Despite media reporting of the impending doom and gloom in some sectors of the UK property market, the activity that we’ve seen this year makes it clear that this potential misery will not be applying to the day nursery market.
Throughout 2016, we’ve seen that confidence in the childcare sector has been high, with a constant flow of deals taking place, and a torrent of potential buyers looking to make purchases – both independent operators and corporate providers have been putting their money where their mouths are and investing in the care of our most precious assets.
Throughout commercial property, there was a sentiment of caution prior to the EU referendum on June 23rd
, but the childcare sector seemed different somehow. There was no hesitation on deals and there were no jangling nerves about what could, might or would happen. Indeed, the market was solid throughout the run up to the EU referendum voting date, with nurseries changing hands as normal.
Post Brexit decision, analysts might have expected the market to start twitching. With no idea of how, when, or even if the Article 50 button would be pressed, and a new Prime Minister and Cabinet to boot, you would think that activity would slow down a little, as operators and investors focussed on the implications of an EU exit.
This has absolutely not been the case.
In the past eight weeks following the Brexit announcement Christie & Co has completed 26 nursery business sales, with an aggregate capital value in the order of £30.79m.
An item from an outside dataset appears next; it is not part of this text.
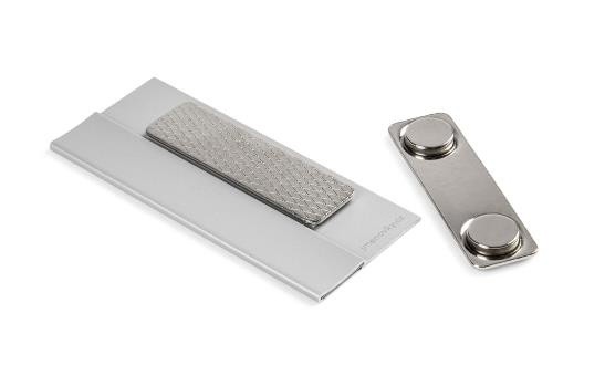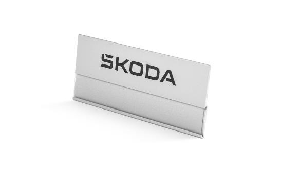 Badge nominatif magnétique. Logo Škoda imprimé de couleur noire sur la face avant. À l’arrière du corps du badge nominatif se trouve un clip magnétique. On a donc deux parties (badge nominatif + support de clip magnétique) démontables. Pour mettre le badge, il suffit de placer le support de clip magnétique sous son vêtement et de superposer par-dessus son vêtement le badge. Sur la face avant, sous le logo se trouve un espace permettant de glisser une étiquette en papier (non incluse dans l’emballage) protégée par une protection transparente.
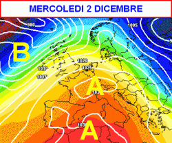 La prima cartina, valida per mercoledì 2 dicembre ci mostra l’anticiclone placidamente adagiato sul Mediterraneo. Le perturbazioni sono costrette a fare "il giro largo", evitando accuratamente il contatto con questa isola di stabilità che ingloba gran parte del nostro Continente.

Investor confidence remains strong, as evidenced by our high-value sale of Positive Steps Group to Busy Bees and the sale of the Little Unicorns Group, based in the heart of financial district Canary Wharf, which both completed in August.
The Little Unicorns deal is interesting to note given its location. As rumours of banks relocating to mainland Europe and financial sector job losses abound, this clear confidence in a group based in a part of London that relies on financial security to fill its nursery places is a real demonstration of confidence in the sector particularly as the group has been acquired by Bright Horizons Family Solutions, with their head office being based in Boston, thus this deal evidences confidence around inward bound UK investment, irrelevant of any financial uncertainly as widely reported by national UK media groups.
These deals were concluded hot on the heels of the pre-Brexit investment of a £27m funding deal, facilitated by Barclays, into Treetops. It’s not just the larger groups that continue to hold bank and investors confidences , as in recent weeks, North West Nursery Group Kids Planet Nursery Group have also received a £10m war chest to aide their expansion plans, so I think it’s wholly evident that investor, bank and operator confidence is strong when it comes to childcare.
In addition to these large corporate deals, we’ve also seen a high level of activity across the regional markets. Despite the Brexit uncertainty – concerns about job security, the fall in the price of sterling and in Scotland, rumblings about a second “once in a generation” UK-exit poll, we have seen nurseries changing hands from Purley to Edinburgh and Wellingborough to Wrexham, as well as everywhere in between.
As we move into the second half of the year, it’s safe to say that the childcare market is not singing the post-Brexit blues. It’s a great time to be investing in and working within the sector, and this is likely to continue for the foreseeable future.